[AIM OF THE EXERCISE]
Leaving out the pictures, retype exactly the lines from the one holding "Molded plastic deflector" through the end of the material.

[MATERIAL SHOWN]
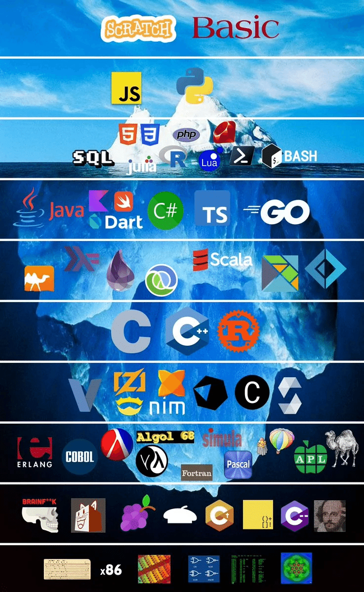 Programming Languages Iceberg: Developer Roadmap Every Beginner Needs ...
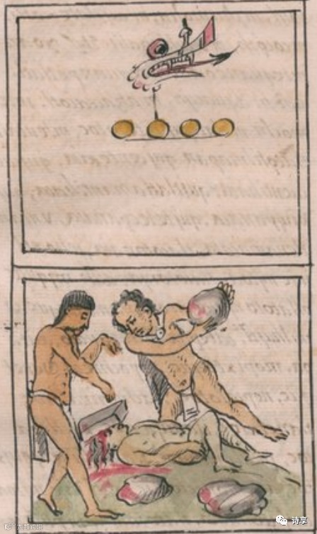 说到“丰饶”,阿兹特克民族的世界观中有将人的鲜血与男性的精液联系在一起的思想。前者在宗教中具有滋养土地,让大地变得肥沃的作用,而后者在生理上的功能不言而喻。因此,我们可以看到在《劳德手抄本》中,有一幅“砍头祭祀”的图,其中一人手持自己砍下的头,鲜血从颈部涌出,而与之呼应的就是下半身的阴茎。
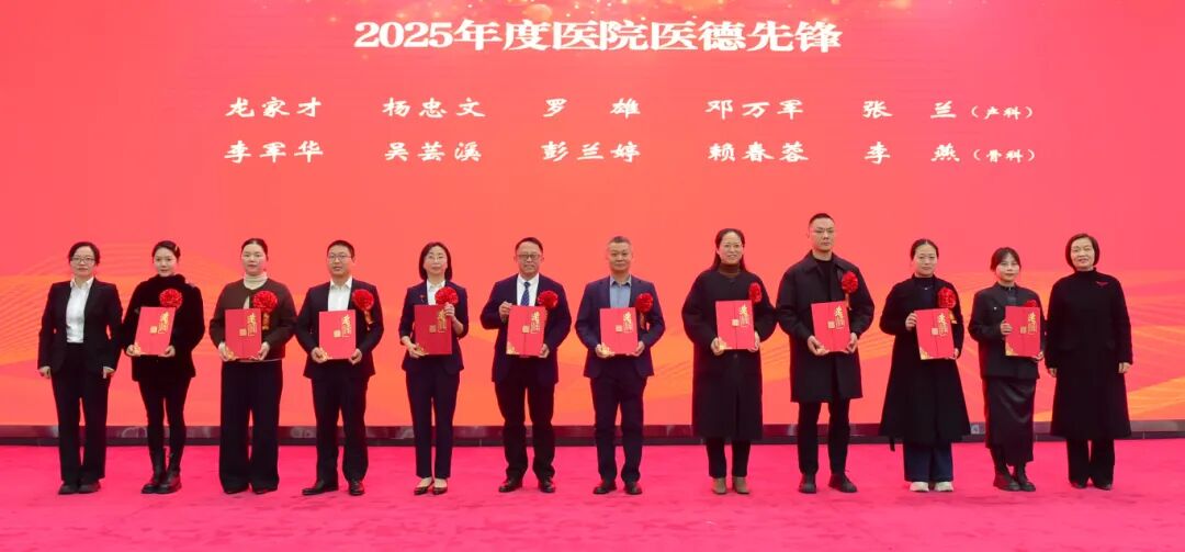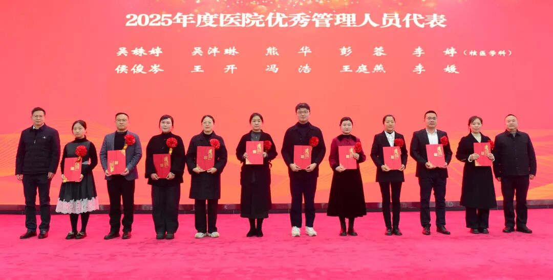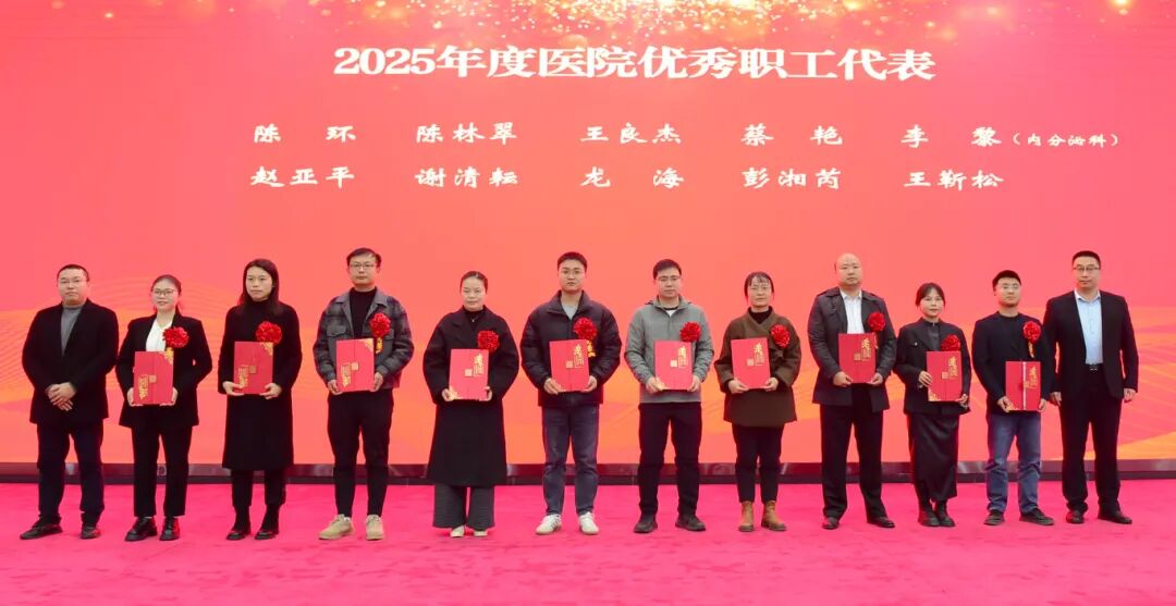 党委副书记陈朝学宣读表扬文件,对2025年工作中表现突出的先进集体和先进个人予以通报表扬,号召全院职工以受表彰对象为榜样,坚定理想信念、虚心钻研学习、勇于担当进取,把榜样的力量转化为干事创业的实际行动,为医院实现跨越式发展凝聚奋进合力、注入不竭动力。
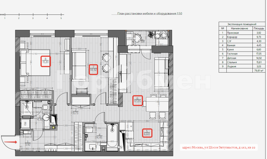 Общая площадь: 79,3м, по комнатам: 15,81м-14,92м, кухня-столовая: 23,65м
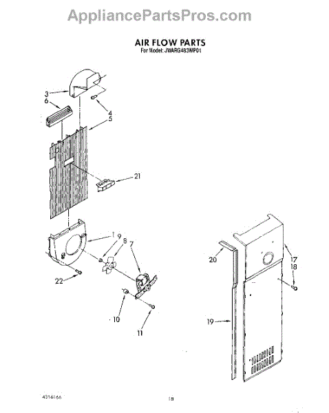 Molded plastic deflector that directs cold air around the icemaker assembly. Replace if cracked, broken, or missing to restore proper airflow routing.
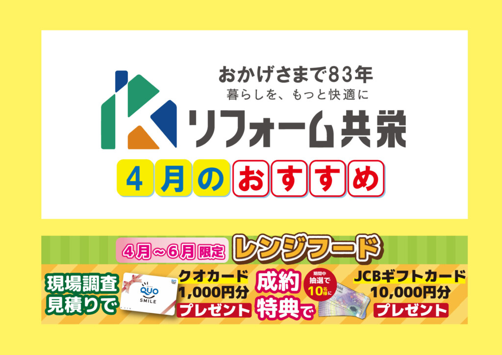 4月~6月限定 レンジフードキャンペーン 現場調査見積もりでクオカード1,000円分プレゼント!!成約特典で期間中抽選で10名様にJCBギフトカード10,000円分プレゼント!! チラシ掲載商品以外のレンジフード […]
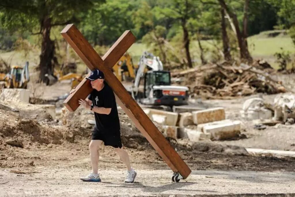 | Un homme marche sur les rives du fleuve Guadalupe en emportant une grande croix de bois, à Ingram, Texas, le 8 juillet. |
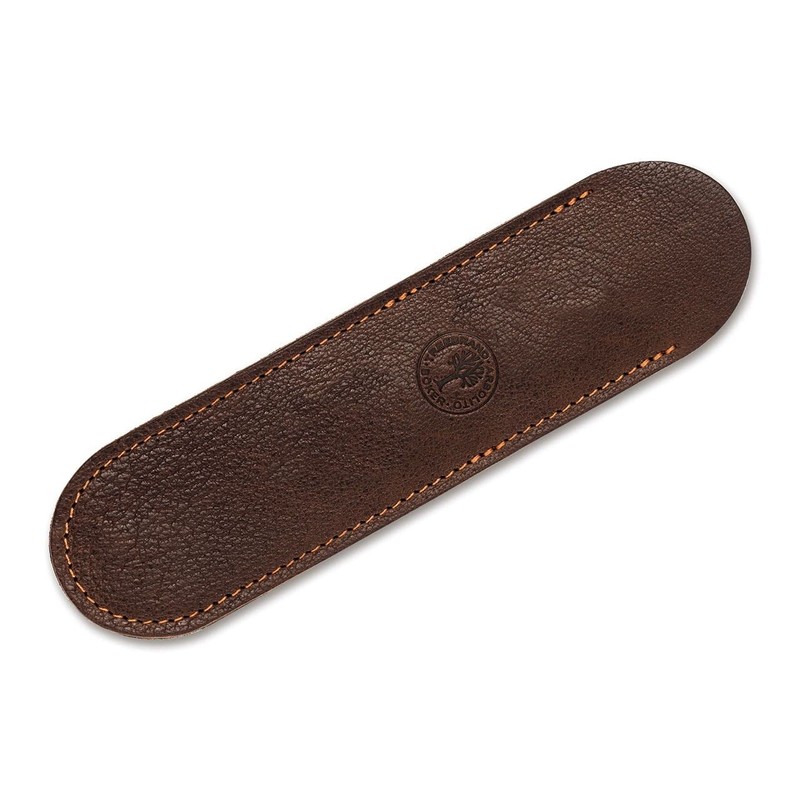 - The brown genuine leather sheath is decorated with an embossed Boker logo
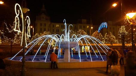 Keywords: debrecen hungary fountain at night
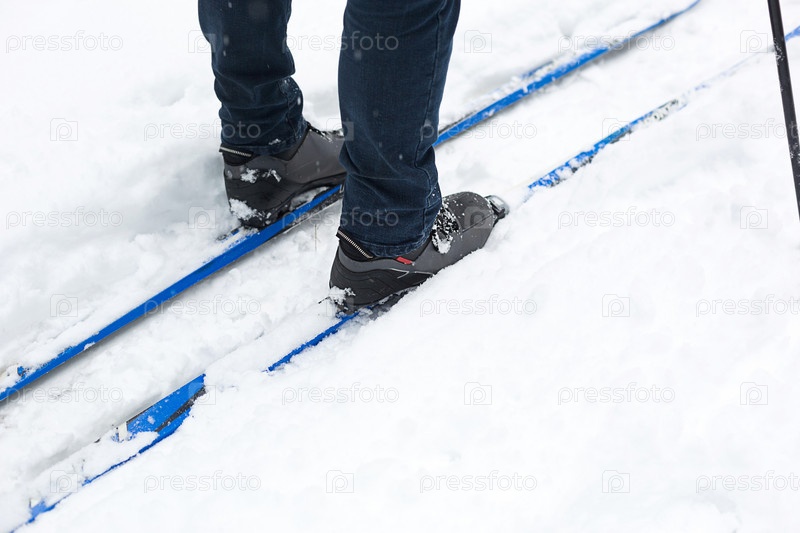 Ноги лыжника в лыжных ботинках на беговых лыжах. Прогулки по снегу, зимние виды спорта, здоровый образ жизни. Крупный план, копипространство
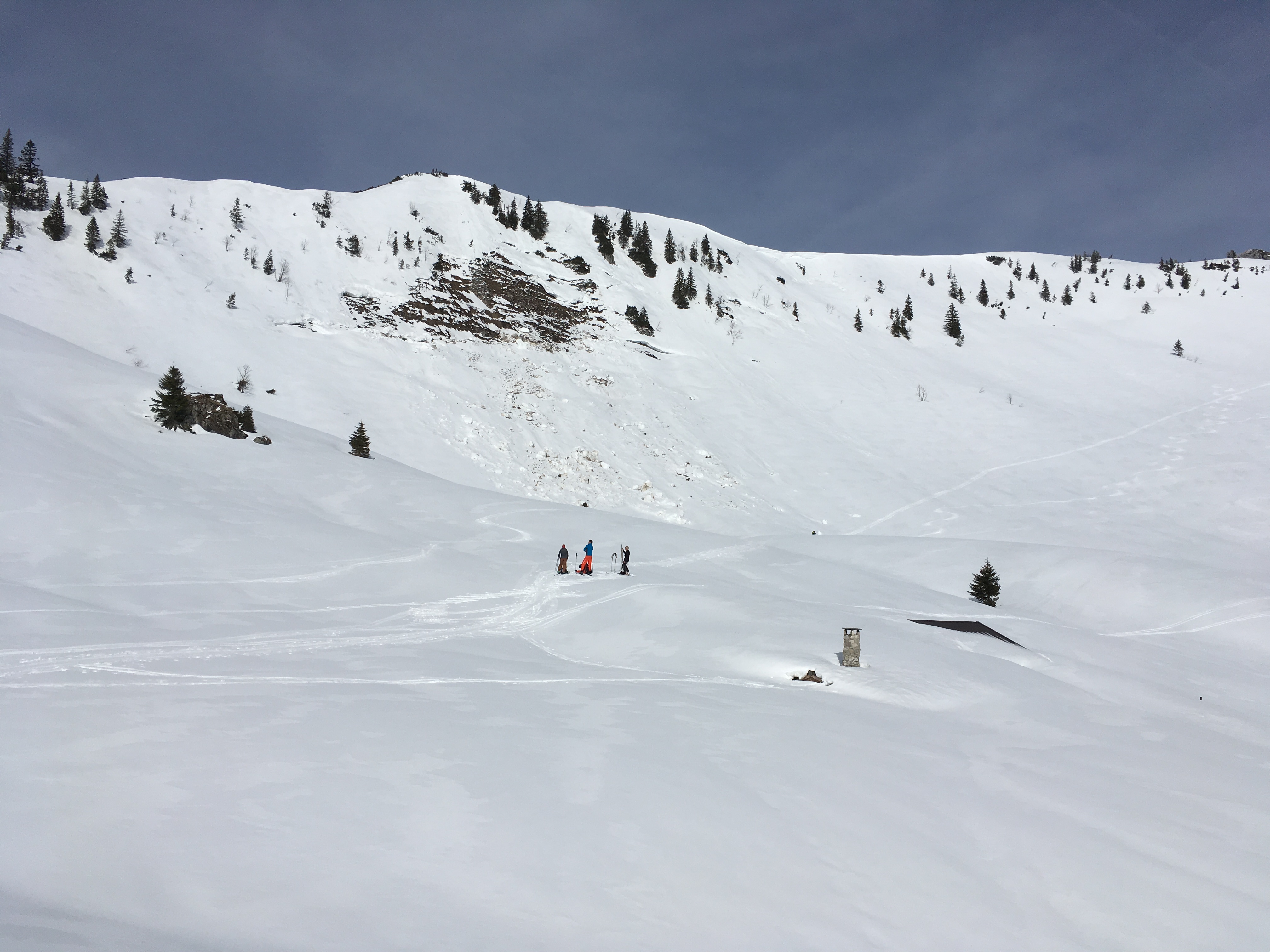 Gefahreneinschätzung: Bei entsprechender Spurwahl keine Gefahr - Lawine und Anrisse in den steilen Hängen von Mühlhornwand und Wandspitz

[YOUR SOLUTION]
 Molded plastic deflector that directs cold air around the icemaker assembly. Replace if cracked, broken, or missing to restore proper airflow routing.
 4月~6月限定 レンジフードキャンペーン 現場調査見積もりでクオカード1,000円分プレゼント!!成約特典で期間中抽選で10名様にJCBギフトカード10,000円分プレゼント!! チラシ掲載商品以外のレンジフード […]
 | Un homme marche sur les rives du fleuve Guadalupe en emportant une grande croix de bois, à Ingram, Texas, le 8 juillet. |
 - The brown genuine leather sheath is decorated with an embossed Boker logo
 Keywords: debrecen hungary fountain at night
 Ноги лыжника в лыжных ботинках на беговых лыжах. Прогулки по снегу, зимние виды спорта, здоровый образ жизни. Крупный план, копипространство
 Gefahreneinschätzung: Bei entsprechender Spurwahl keine Gefahr - Lawine und Anrisse in den steilen Hängen von Mühlhornwand und Wandspitz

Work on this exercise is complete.